おとぎ話を作り上げたのにも関わらず、まろは自分のことを語ろうとしない。だから……こうして、旅に出る前に、まろの話も聞いてみたい。

いふ
 そんなええ話ちゃうけどな 
ないこ
 よくなかったら語り継がれないよ 


この国を救ったヒーローだもん。

いふ
 …じゃあ、ちょっとだけやで? 


俺の隣に来て、同じように座り込む。息を大きく吸って吐いた後、まろはゆっくりと語り始めた。

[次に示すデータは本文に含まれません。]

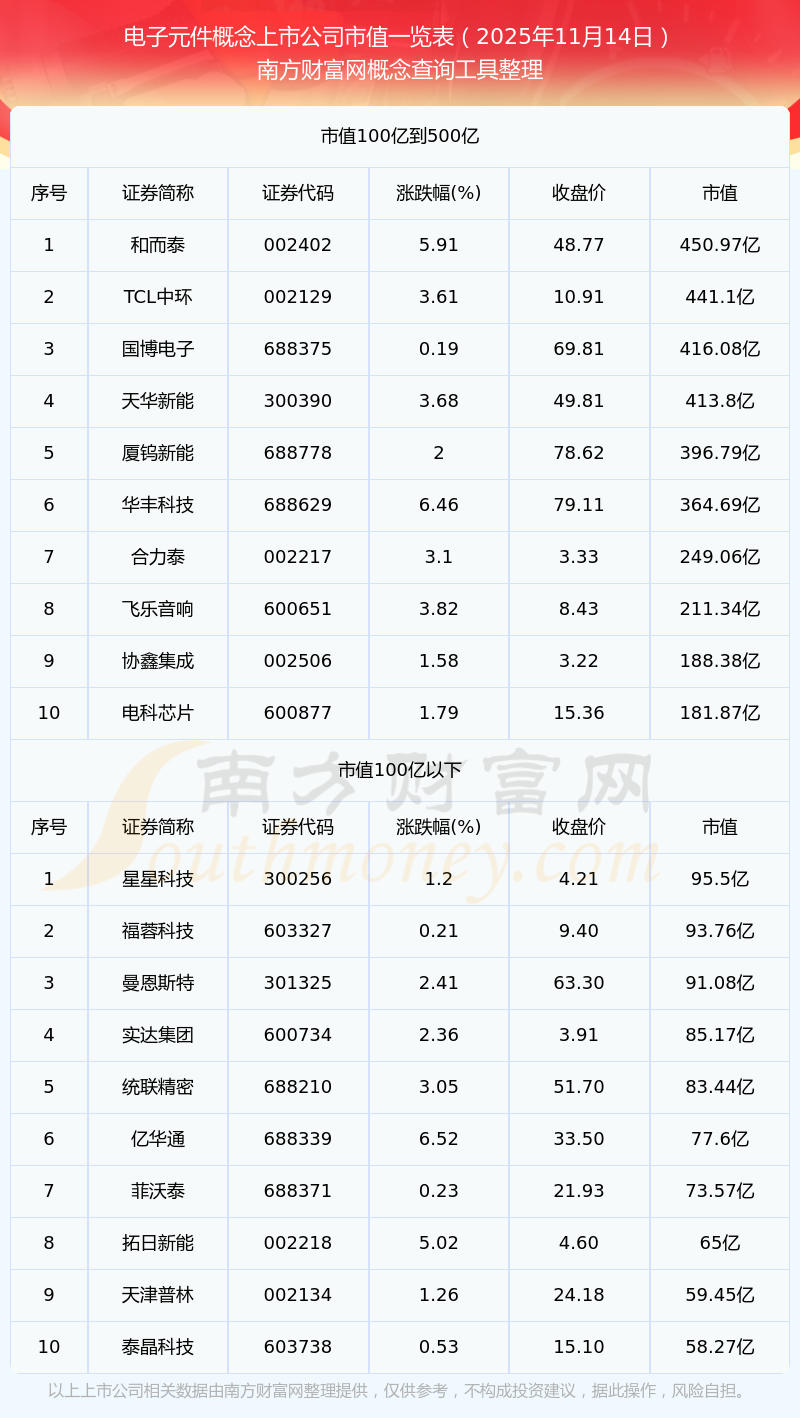 截止2025年11月14日,電子元件概念上市公司中福蓉科技、晶豐明源、實(shí)達(dá)集團(tuán)、統(tǒng)聯(lián)精密等52家市值位于不足100億之列;環(huán)旭電子、士蘭微、宏發(fā)股份、匯頂科技等36家市值位于100億到500億之列;生益電子、瑞芯微、三安光電、長(zhǎng)電科技等6家市值位于500億到1000億之列;豪威集團(tuán)、瀾起科技、生益科技等4家市值位于1000億到2000億之列;寒武紀(jì)市值位于5000億到10000億之列。
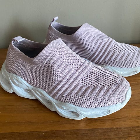Disse superkule ballerinaskoene er perfekte for sommeren! De er i en nydelig rosa farge og har et pustende, strikket design med utskjæringer som gir en lett og luftig følelse. Den barefot-lignende passformen gjør dem utrolig komfortable, ideelle for hverdagsbruk eller en avslappet spasertur. De er i størrelse 35."
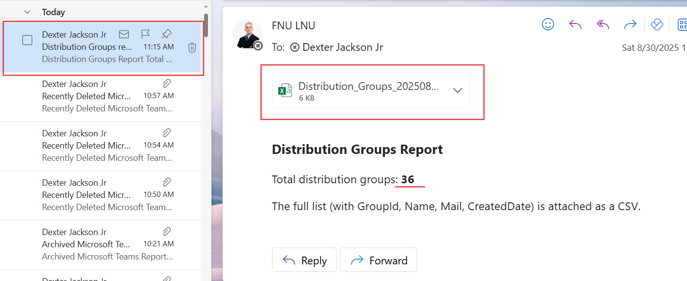 This Graph PowerShell script makes that task easier. It gathers all Distribution Groups, collects key details like GroupId, DisplayName, Mail, CreatedDate, and Description, exports them to a CSV file, and emails the report to the administrator.

まろが産まれたのは、噂通りヴァルシオン。ほとけっちと出会った街だ。でも…その頃のヴァルシオンは、平和だったみたい。この前のような事件とは程遠い、素敵な街だった。

子供の頃のいふ
 ね、鬼ごっこしたい! 


まろは、普通の街で産まれた普通の子供だった。魔王討伐なんて考えたこともない、そこらにいる剣士の家の子みたいに小さい頃から剣を振っていたわけでもない。

ただただ、外で遊んで、美味しいものをたくさん食べて、よく寝る普通の子。

子供の頃のいふ
 ぱぱ…?まま…? 


でも、まろが8歳になった頃。お母さんとお父さんは魔物によって殺された。森に出てから帰ってこなかった。まろは後から、両親が亡くなったのを知る。そして、魔王の仕業だということも。

許せなかった、大好きな両親を殺され、

普段の楽しい日常を奪われ、

それでものほほんと一日を過ごして普通に息を吸っていることが。

……その日、まろは魔王討伐に向けて歩き出した。















過去編。更新遅くなってすみません……

でもこれ完結までの道筋あるから全然書ける。更新頻度取り戻して頑張ります。